Mrs. Astor helped raise money to restore Gracie Mansion, the mayor of New York’s official residence. The house was built in 1799 by Archibald Gracie, who was a wealthy New York civic leader. When I moved into the building in 1978, it was falling apart, and the estimate was that $5 million would be needed to restore it.

Mrs. Astor made a large contribution to the restoration fund and then agreed to help lead the fundraising effort. I invited wealthy people to a luncheon at Gracie Mansion; they knew they were there to help with the restoration. Brooke opened the discussion saying, “Mr. Mayor, I will donate another $50,000,” intending to set the amount for the others to give. After she made her opening offer, a luncheon guest at the table who owned a large business selling expensive furniture said, “I will donate $50,000 in furniture.” I said, “Is that wholesale or retail?” He generously replied, “Wholesale.”

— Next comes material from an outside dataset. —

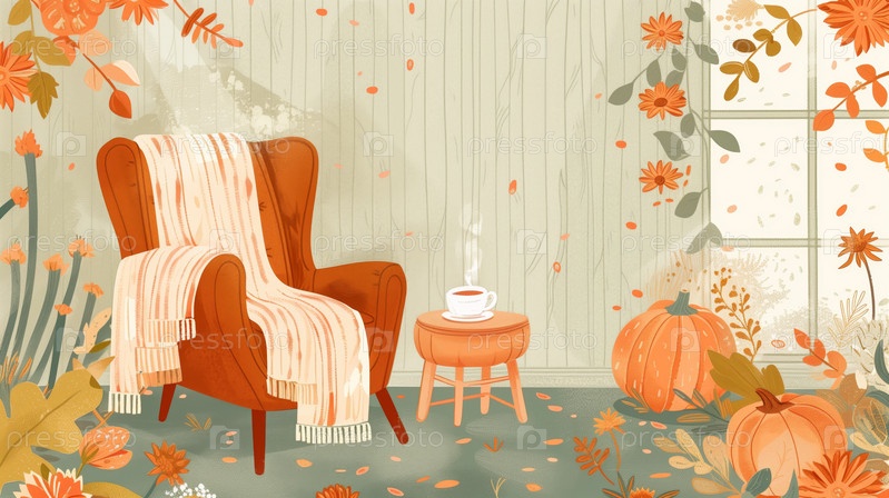 Уютный осенний уголок с креслом и клетчатым пледом

Brooke invited me to accompany her to the Bronx Zoo to visit the baby elephant named Astor in her honor by the zoo. There on an open hill was young Astor and a matriarchal elephant who had adopted the baby as her own. Brooke said to me, “Let’s go play with the baby.”

I remembered my mother’s advice to me as a young boy, “Eddie, never fool around with a wild animal,” and I never have. But there was Brooke frolicking with Astor. The matriarchal elephant appeared to be pleased, touching Brooke gently with her trunk. She accepted Mrs. Astor as a member of the herd and occasionally looked sternly in my direction.

The last time I saw Brooke Astor was at the Four Seasons Restaurant about 12 years ago when she was 93 and walking alone in high heels toward the restaurant’s exit leading to Park Avenue. I rushed after her and said, “Brooke, isn’t there someone to escort you to your car?” She laughed and said, “No.”

“Well, I insist that you allow me to walk you to your car,” I said. She laughed again and said, “Of course, if it will make you feel better,” and we walked hand in hand to her auto.

Brooke Astor undoubtedly felt at home during the Episcopal funeral service that she chose, because she was at home everywhere and under all conditions. I believe that had it been a Pentecostal service, she would have gotten up and danced.
As for me, I would like a Klezmer band playing the familiar melodies of my youth at my service. I hope those in attendance will smile, laugh and recount anecdotes of their involvement with city government. And, of course, their best stories to be later recounted in a book entitled The Best of New York.

We will not see the likes of Brooke Astor for another 100 years. The mold has been broken.